BEGIN

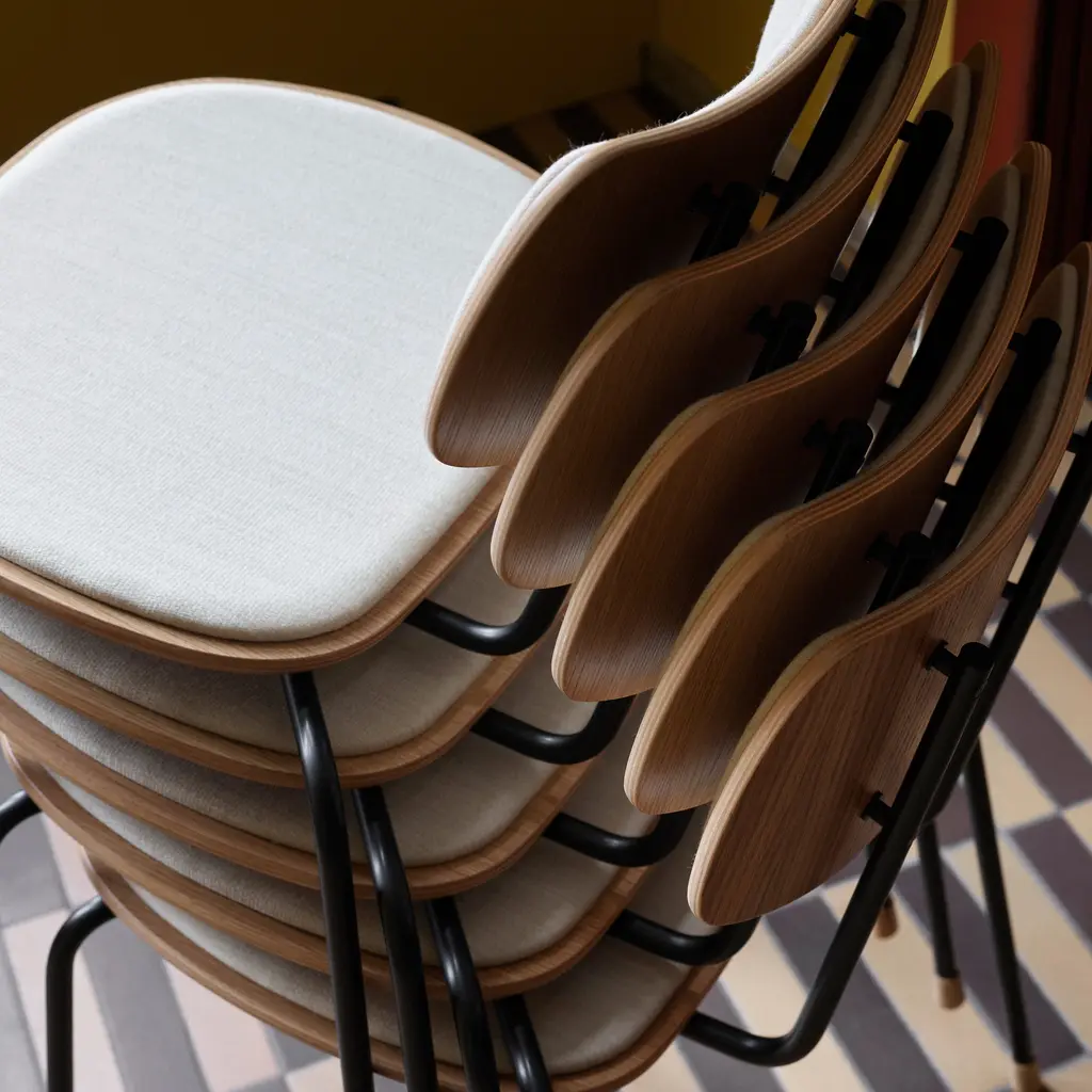Carl Hansen & Søn adds an upholstered version of Danish architect Vilhelm Lauritzen’s signature stackable chair, created in 1956 for Copenhagen’s iconic Vega concert center. Often referred to as the “Pioneer of Danish Functionalism,†Lauritzen shaped a comfortably curved backrest and seat in FSC-certified solid oak with a range of finish options, fixed on a black powder-coat steel base. Custom-clad in fabric or leather, VLA26P endures via a timeless design and fine craftsmanship.
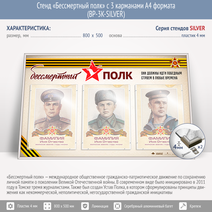 Стенд «Бессмертный полк» с 3 карманами А4 формата (BP-3K-SILVER) в Кызыле купить
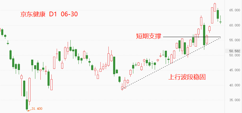 京东健康的股价走势表现非常乐观,6月22日因为《征求意见稿》大跌14.83%后,现在早已收复失地并创出阶段新高。技术角度看,5月10日至今的上涨波段非常健康,预计市价会在55~60之间获得有效支撑。
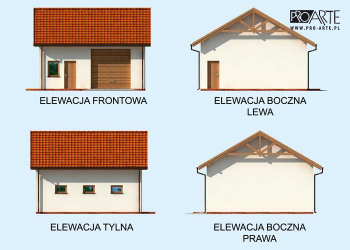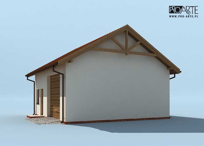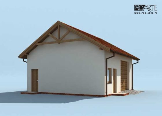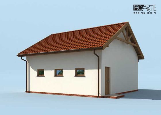Budynek gospodarczy, wolnostojący. Projekt składa się z części architektonicznej, konstrukcyjnej i wewnętrznej instalacji elektrycznej. W projekcie załączone są podstawowe zestawienie stali, drewna i stolarki okienno-drzwiowej. Do projektu dołączamy bezpłatną zgodę na wprowadzenie zmian, oświadczenie projektantów o wykonaniu projektu zgodnie z obowiązującymi normami i przepisami oraz kserokopie uprawnień projektantów wraz z aktualnym wpisem do izby. W przypadku zamówienia projektu w technologii lekkiej, drewnianej konstrukcji szkieletowej, powierzchnia użytkowa budynku jest o około 7% większa.
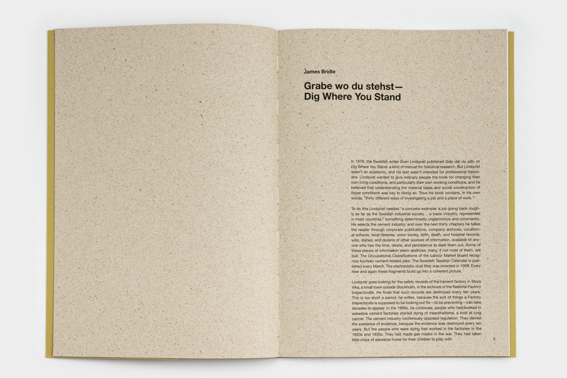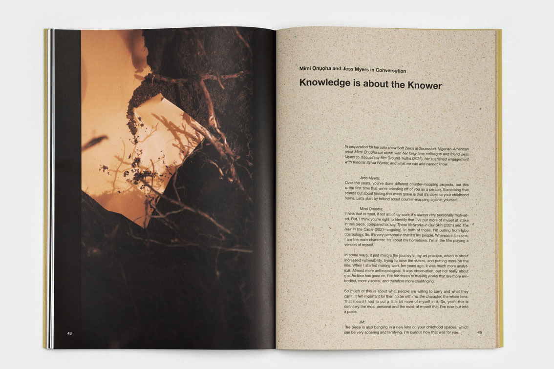 historical denial, and collective forgetting – become meaningful. She points to what has not been collected, asked, allowed, or represented. The exhibition is accompanied by a publication featuring an essay by the artist James Bridle, a conversation between Mimi Ọnụọha and the writer and theorist Jess Myers, and the film script for Ground Truths. The artistic intervention consists in brown fingerprints applied to the cover, evoking the image of hands that are dirty from burying and unearthing stories.
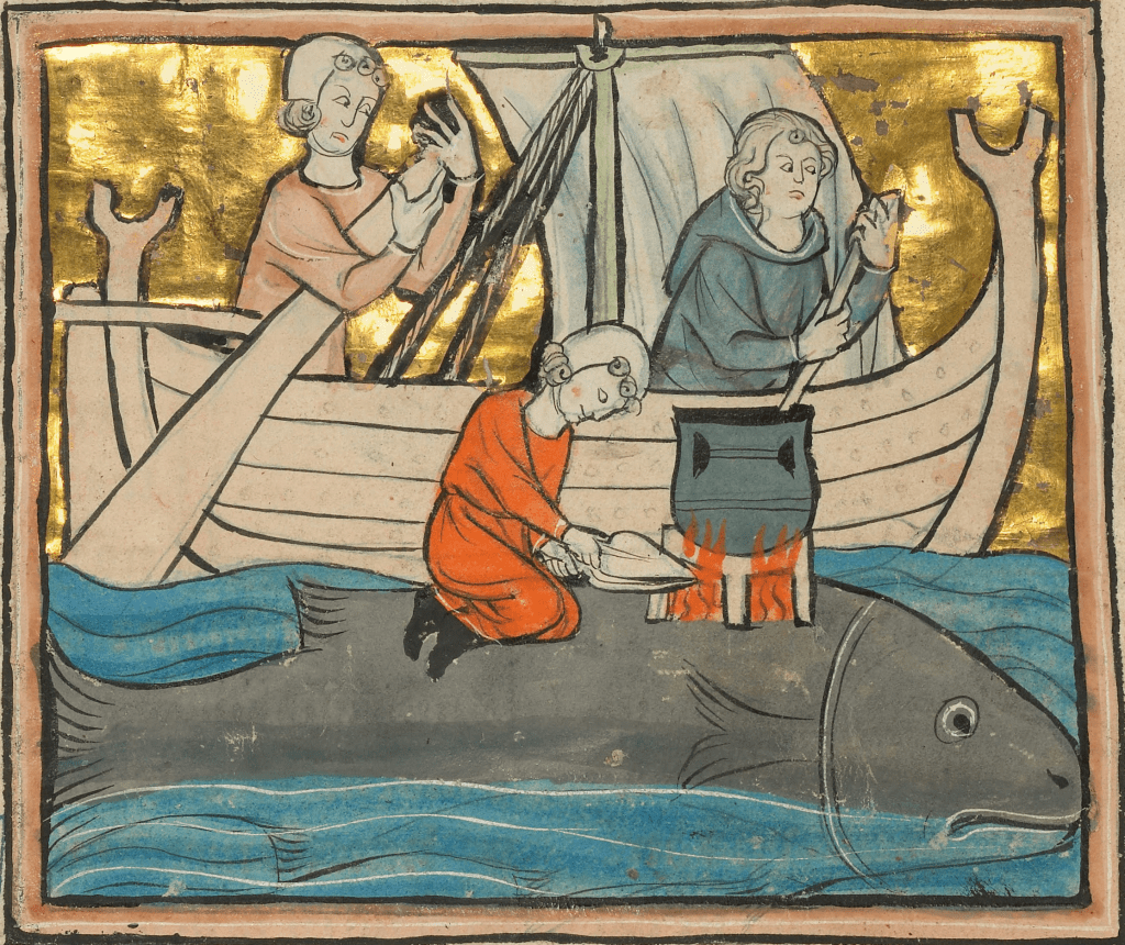Saint Brendan et sa baleine méritent ici une mention particulière. Dans la Navigatio Sancti Brendani (IXe siècle), le moine irlandais et ses compagnons débarquent sur ce qu’ils prennent pour une île, y célèbrent même la messe de Pâques, avant que l’île ne commence à se mouvoir. La créature — nommée Iasconius — n’est pas ici malveillante : elle est simplement immense, indifférente, et sacrée à sa manière. Le récit de Brendan christianise le motif : au lieu d’engloutir les marins, la baleine les laisse partir. La Providence est à l’œuvre.
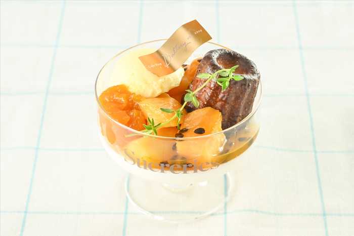 「カヌレパフェ」(1,050円・税込)は、フランス産発酵バターと北海道バターを贅沢に使用したButtery自慢のカヌレに、マンゴーやマンゴージュレ、パッションフルーツソース、バニラアイスをトッピング。
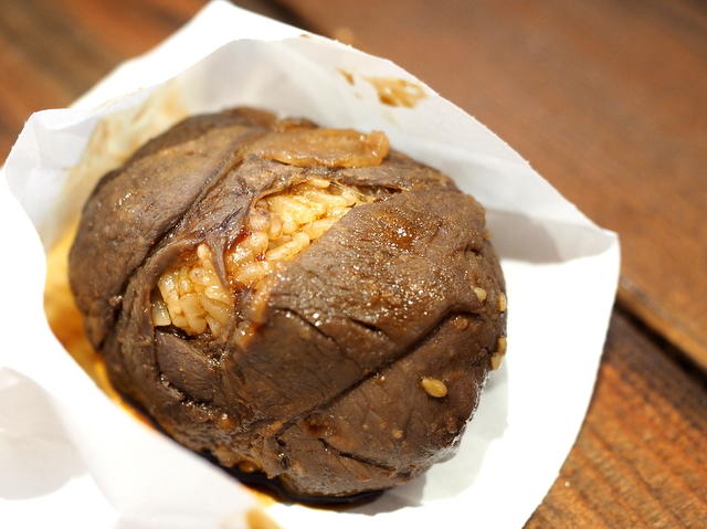 エゾシカ肉メニューの中から、今回選んだのは「エゾシカの肉巻きおにぎり」(200円)。

END

:: YOUR ASSIGNMENT ::
Word for word, give again the lines from the first entry to the line with "京东健康的股价走势表现非常乐", inclusive. Exclude the pictures.

:: WRITTEN ANSWER ::
Carl Hansen & Søn adds an upholstered version of Danish architect Vilhelm Lauritzen’s signature stackable chair, created in 1956 for Copenhagen’s iconic Vega concert center. Often referred to as the “Pioneer of Danish Functionalism,†Lauritzen shaped a comfortably curved backrest and seat in FSC-certified solid oak with a range of finish options, fixed on a black powder-coat steel base. Custom-clad in fabric or leather, VLA26P endures via a timeless design and fine craftsmanship.
 Стенд «Бессмертный полк» с 3 карманами А4 формата (BP-3K-SILVER) в Кызыле купить
 京东健康的股价走势表现非常乐观,6月22日因为《征求意见稿》大跌14.83%后,现在早已收复失地并创出阶段新高。技术角度看,5月10日至今的上涨波段非常健康,预计市价会在55~60之间获得有效支撑。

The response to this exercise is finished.